Exercise aim:
When a record contains an image, skip the image and retype the rest of that record exactly.

Available data Block Start

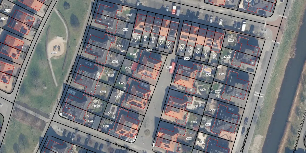 Gebruik de zoekbalk of klik op een perceel voor informatie over de adressen binnen dit perceel.
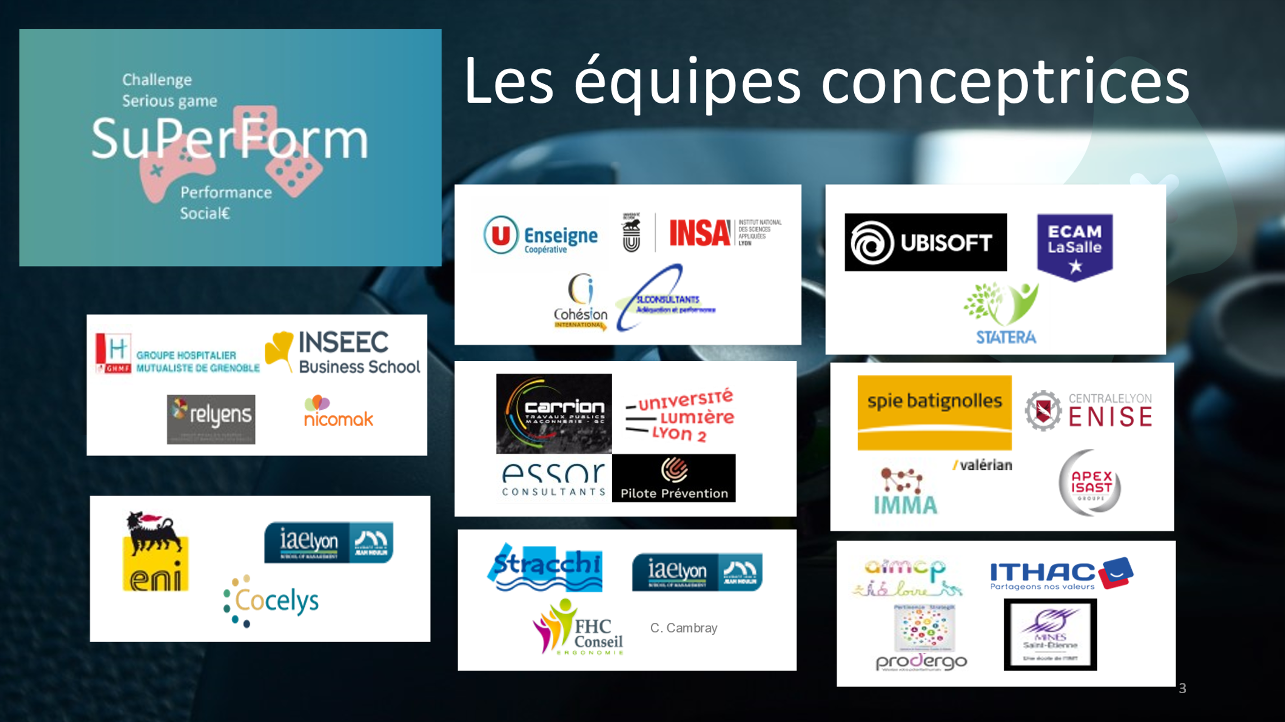 SuPerForm est l'alliance des écoles, entreprises, consultants, institutionnels et partenaires sociaux pour promouvoir la santé, la sécurité, la qualité de vie au travail ainsi que le volet social du développement durable. Les jeux conçus sont libres de droits, adaptables, gratuits, téléchargeables, imprimables. Si l'initiative est régionale, elle vise l'international avec des jeux bilingues français/anglais.
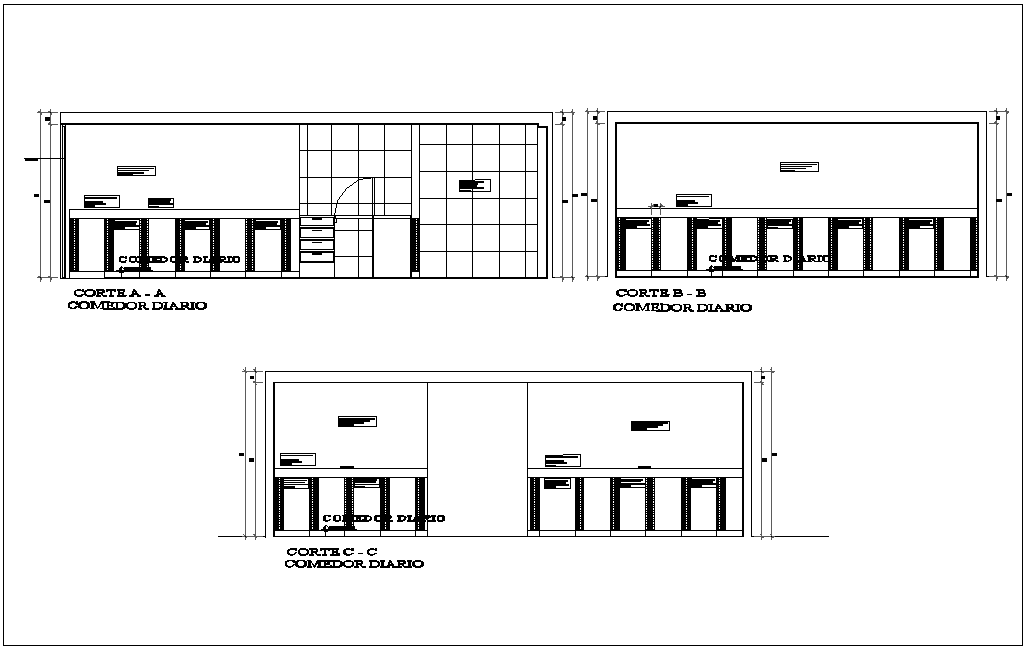 Different axis section view of dining room for corporate building dwg file in elevation with view of
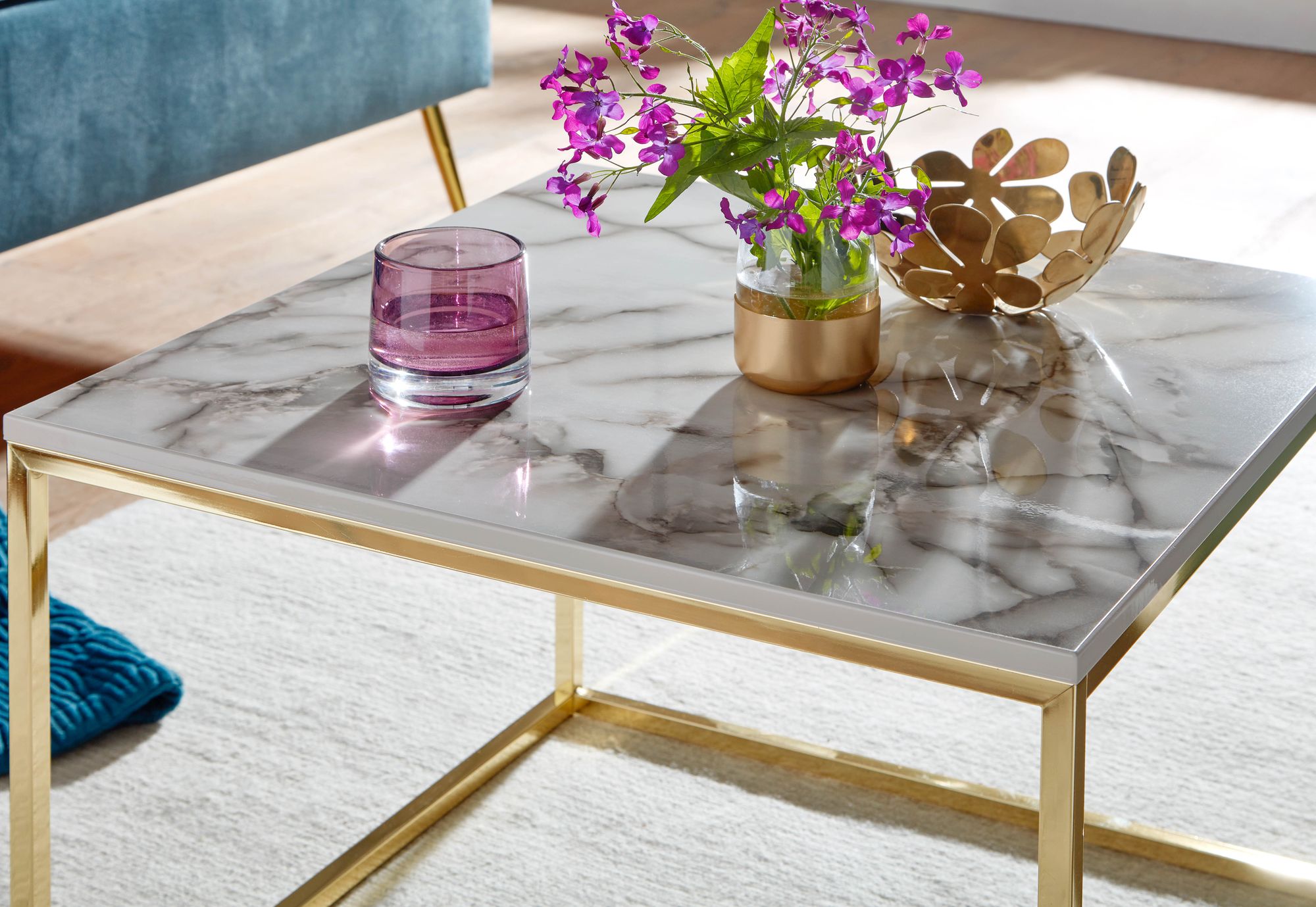Tavolino 60x60x45 cm | Piano in effetto marmo bianco | Struttura metallica dorata
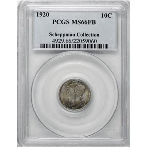 <B>1920 10C MS66 Full Bands PCGS.</B></I> Ex: Larry Shapiro. Toned with iridescent peripheral hues that lighten at the centers to dusky gold. Excellent quality and surfaces combine with boldly defined devices for spectacular visual appeal.<BR><I>From The Scheppman Collection, #4 PCGS Registry of Full Band Mercury Dimes.</B></I><BR><BR><B>Coin Engraver:</B> Adolph A. Weinman<BR><BR><b>Shipping:</b> Coins & Currency (<a target="_blank" href="http://www.heritageauctions.com/common/shipping.php">view shipping information</a>)

Available data Block End

The answer:
 Gebruik de zoekbalk of klik op een perceel voor informatie over de adressen binnen dit perceel.
 SuPerForm est l'alliance des écoles, entreprises, consultants, institutionnels et partenaires sociaux pour promouvoir la santé, la sécurité, la qualité de vie au travail ainsi que le volet social du développement durable. Les jeux conçus sont libres de droits, adaptables, gratuits, téléchargeables, imprimables. Si l'initiative est régionale, elle vise l'international avec des jeux bilingues français/anglais.
 Different axis section view of dining room for corporate building dwg file in elevation with view of
Tavolino 60x60x45 cm | Piano in effetto marmo bianco | Struttura metallica dorata
 <B>1920 10C MS66 Full Bands PCGS.</B></I> Ex: Larry Shapiro. Toned with iridescent peripheral hues that lighten at the centers to dusky gold. Excellent quality and surfaces combine with boldly defined devices for spectacular visual appeal.<BR><I>From The Scheppman Collection, #4 PCGS Registry of Full Band Mercury Dimes.</B></I><BR><BR><B>Coin Engraver:</B> Adolph A. Weinman<BR><BR><b>Shipping:</b> Coins & Currency (<a target="_blank" href="http://www.heritageauctions.com/common/shipping.php">view shipping information</a>)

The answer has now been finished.